Maintaining the Read Visibility Invariant

Since the get() path is lock-free, we must be extremely careful about the order in which we search for data. If we aren't careful, a record could "disappear" for a few microseconds during the swap.

To prevent this, the get() method follows a strict Newest-to-Oldest hierarchy:

  1. The Active Memtable: We check the AtomicReference first.
  2. The Immutable Queue: We iterate through immutableMemtables.

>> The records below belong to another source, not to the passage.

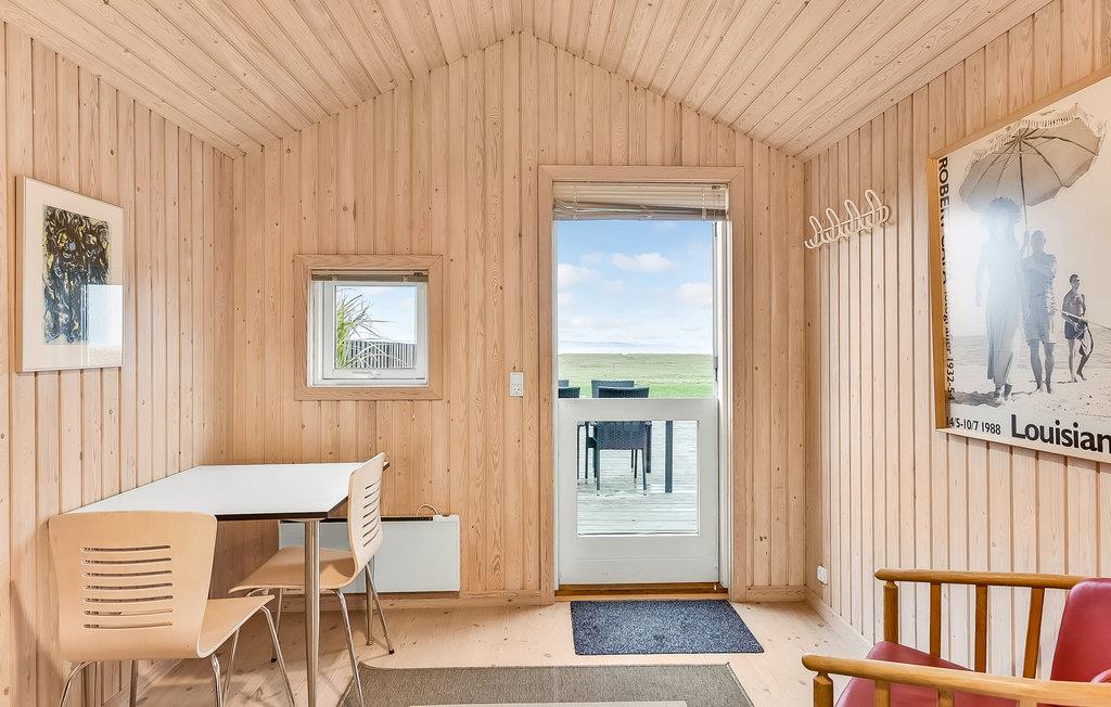 Velkommen til dette hyggelige, rummelige og lyse feriehus, der med åbent til kip og flotte trægulve, vægge- og lofter oser af feriestemning. Selv på kolde dage kommer der meget lys ind gennem de store vinduespartier. Efter en rask gåtur kan I tænde op i brændeovnen eller smutte en tur i saunaen, og om aftenen kan I flade ud i den bløde sofa og se en god film på fladskærmen eller afslutte dagen med en kølig drink i spabadet.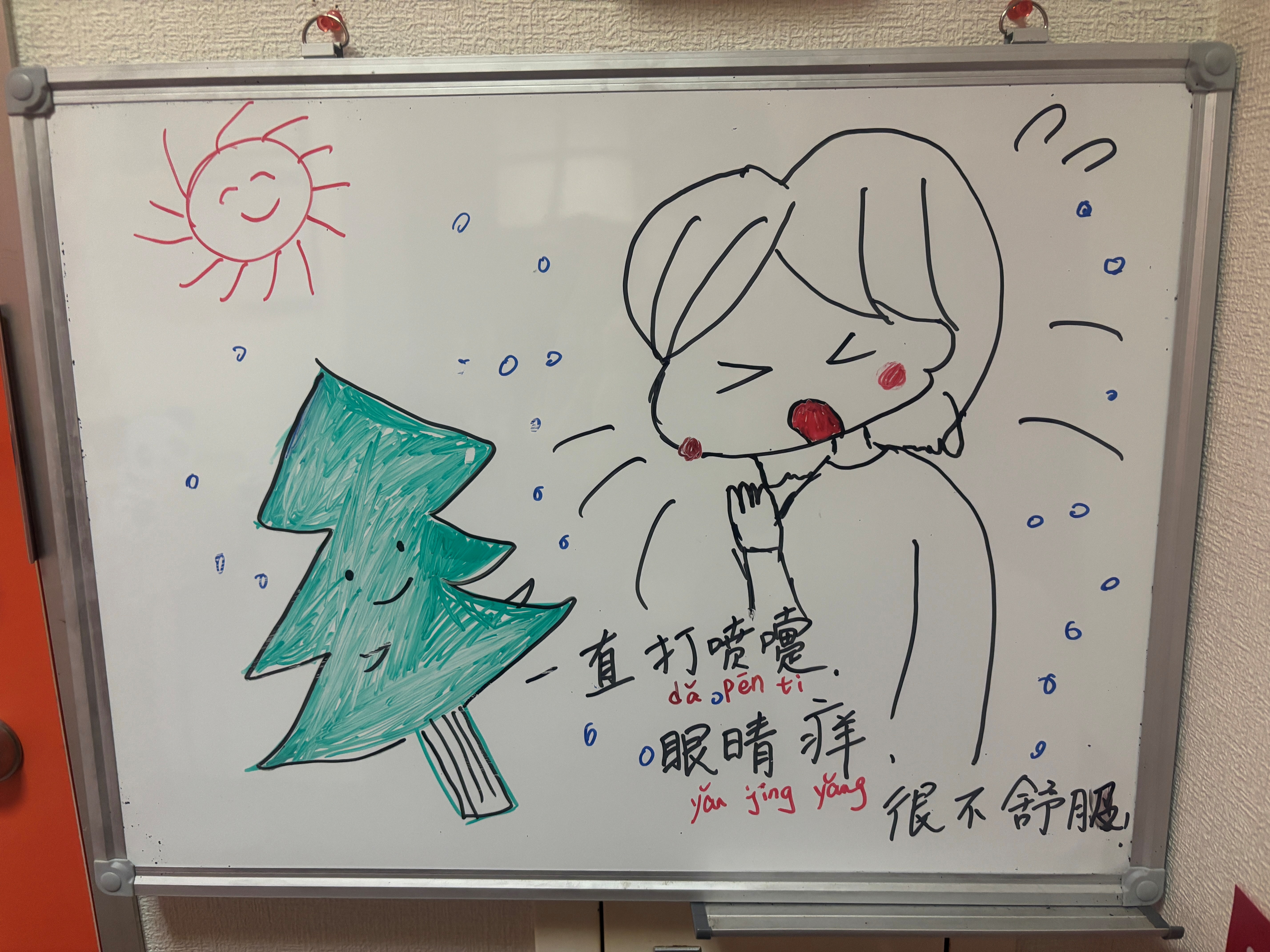 学校の入り口のホワイトボードには、学校の安先生が書いた花粉症絵を飾ってあります。腕前はいかがでしょうか?学校にいらっした時は、ぜひその中の中国語もチェックされてくださいね~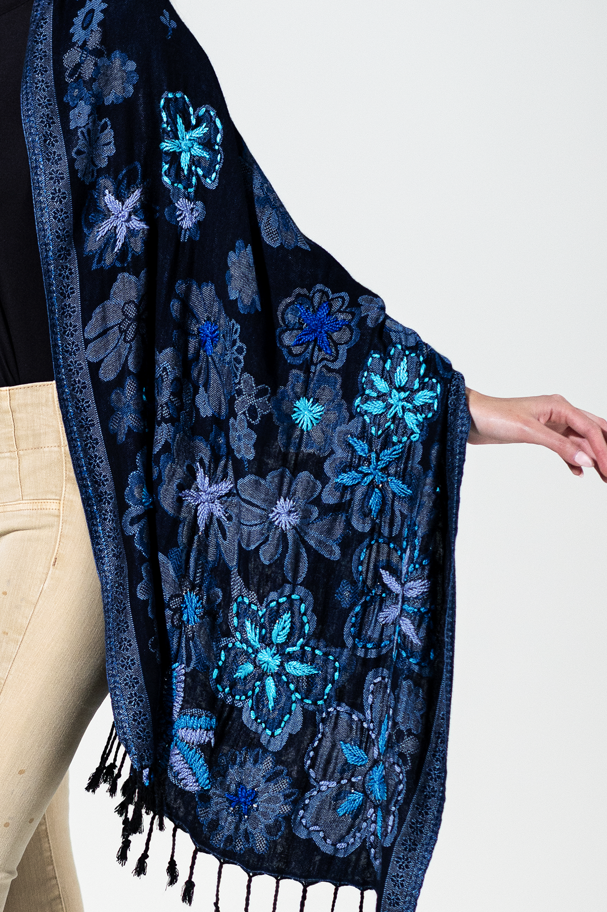 Cool, bold, and beautifully detailed. The Anchorage Wool Embroidered Scarf features hand-stitched floral embroidery layered over a softly woven base, creating depth and contrast through intricate craftsmanship. Finished with knotted fringe, it’s a modern expression of artisan design — striking, textured, and made for crisp air and city lights.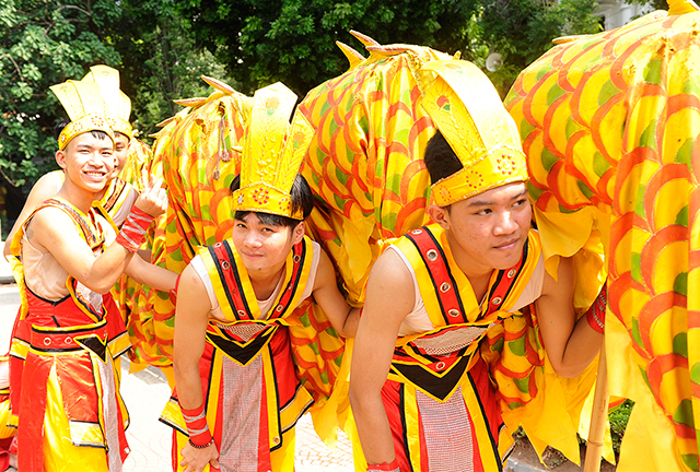Members of dragon dance team from Dong Anh District preparing for show-time.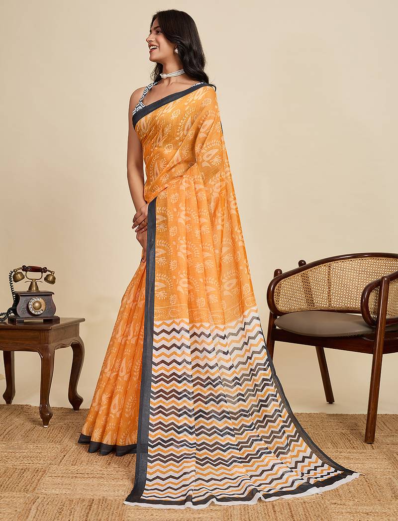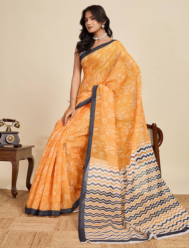 | Product Name | Mustard Printed Linan Kalamkari Saree With Blouse | |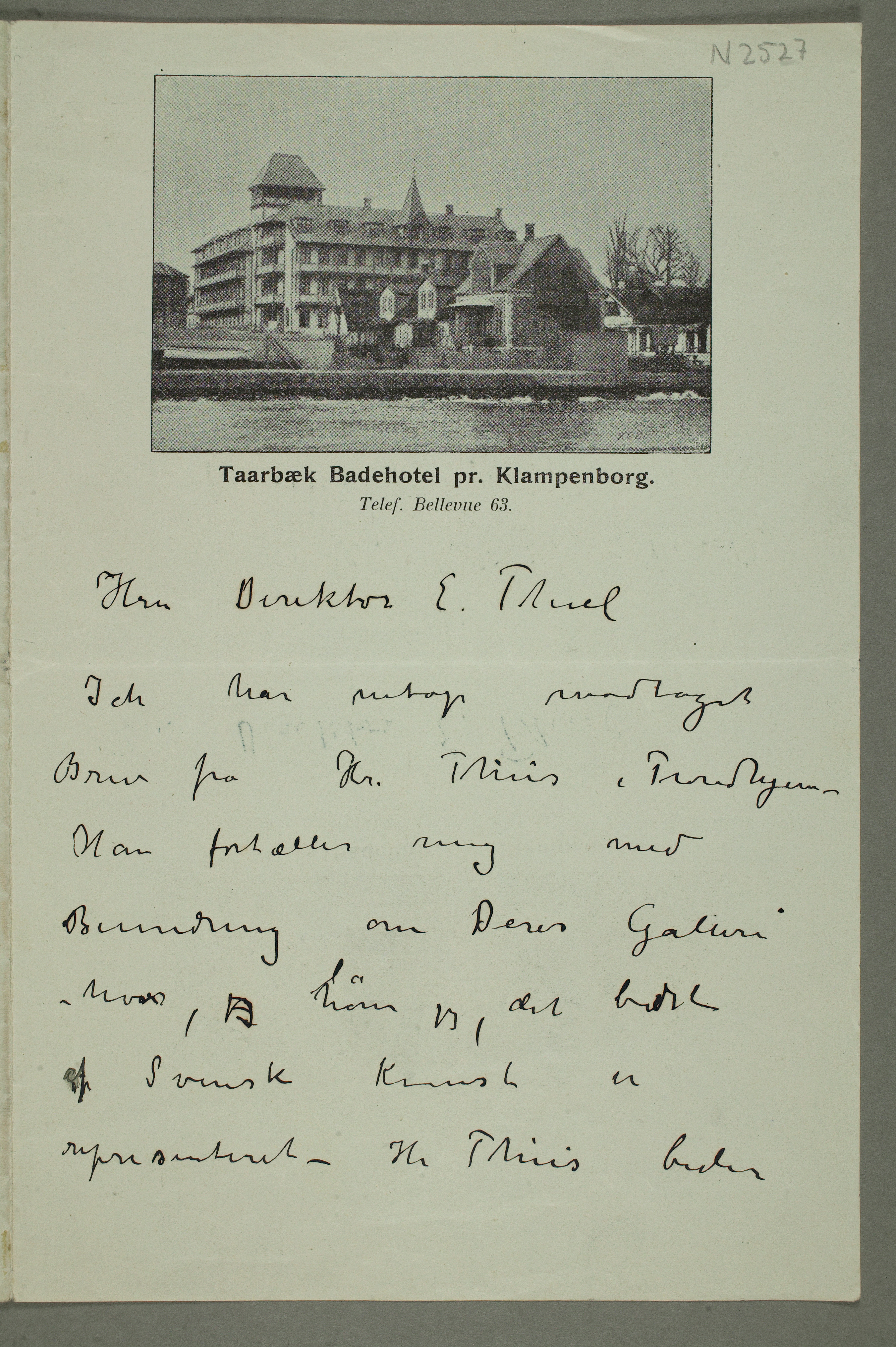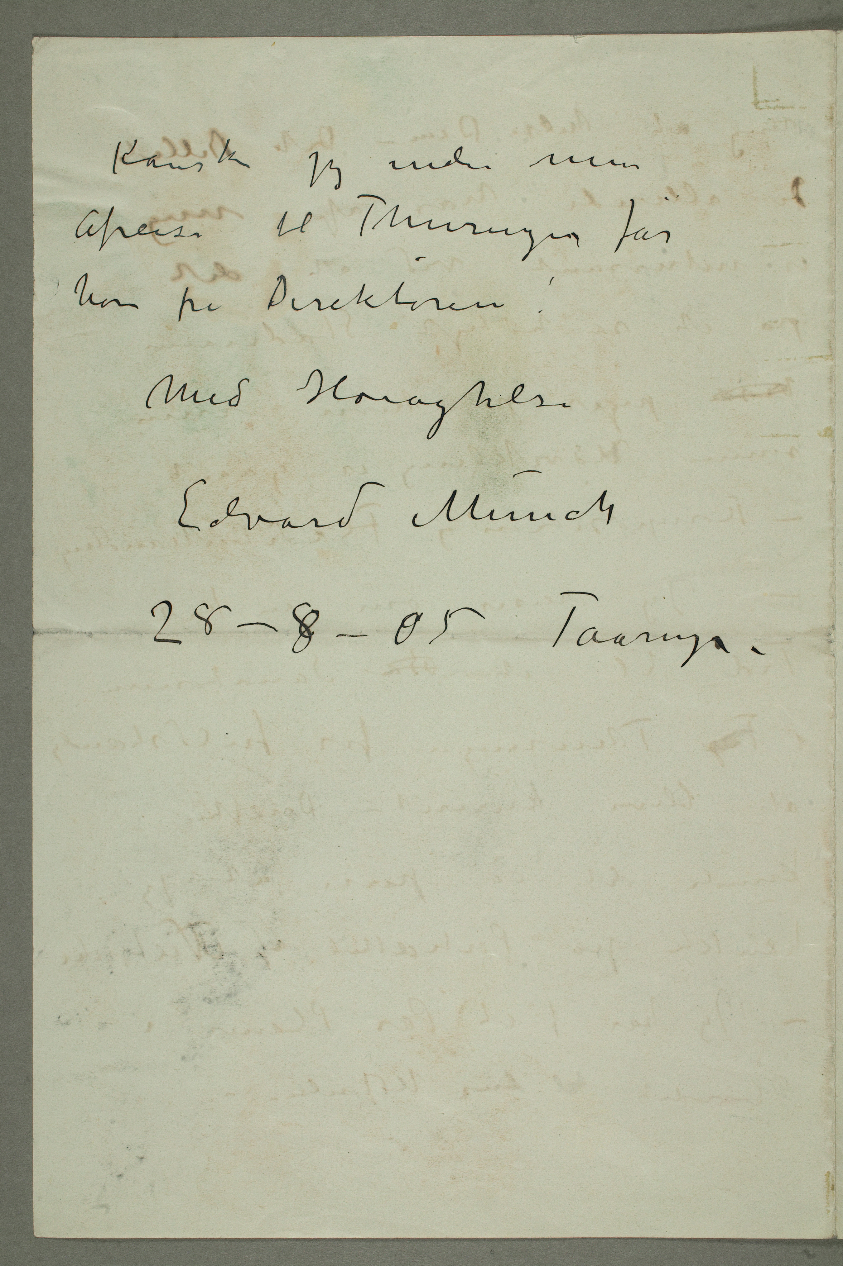 MM N 2527, Munchmuseet. Datert 28.8.1905. Brevutkast til Ernest Thiel.

Because we use addFirst(), the most recently retired memtables are checked first.
  3. SSTables: Finally, we hit the disk via the ssTableManager.

By the time a Memtable is removed from the immutableMemtables deque, its data is guaranteed to be persisted in an SSTable, maintaining a seamless "hand-off" of data visibility.

Asynchronous flushing

Flushing is the process of serializing a memtable to disc to become an SSTable. Once we implemented the above describe memtable rotation and start to gather the now immutable memtables into a queue we need a backround thread to poll this quesus and do the actual flushing.

We do this with a single application level background thread.

private final ExecutorService flushExecutor;

...

this.flushExecutor = Executors.newSingleThreadExecutor(r -> {
    Thread t = new Thread(r, "lsm-flush");
    t.setDaemon(true);
    return t;
});

A flush job is submitted to this executor thread as the last step of the memtable rotation, so normally the newly created immutbale memtable is mmediately flushed and won't stay in the queue for long.

private void rotateMemtable(Memtable<K, V> memtable) {
   ...
   flushExecutor.submit(() -> flushImmutableMemtable(immutable));
}

private void flushImmutableMemtable(ImmutableMemtable<K, V> imm) {
    try {
        log.debug("Flushing immutable memtable with segment: {}", imm.getCommitLogSegmentId());

        ssTableManager.flush(imm);

        imm.deleteCommitLogSegment();
        immutableMemtables.remove(imm);

        log.debug("Successfully flushed and removed immutable memtable");
    } catch (IOException e) {
        log.error("Flush failed for segment: {}", imm.getCommitLogSegmentId(), e);
    }
}

Summary

Making something thread safe is rarely trivial and adds a lot of complexity, but is necessary for any real world application.

The first step was to make reads and writes non blocking and move all operations with disk I/O to background threads. In this article I described some core concepts and showed hot the memtable rotation and async memtable -> SSTable flush was implemented.

I will have a follow up article about how the comit log is being persisted asyncronously and what further performance tuning has been done.

The updated codebase is available in GitHub.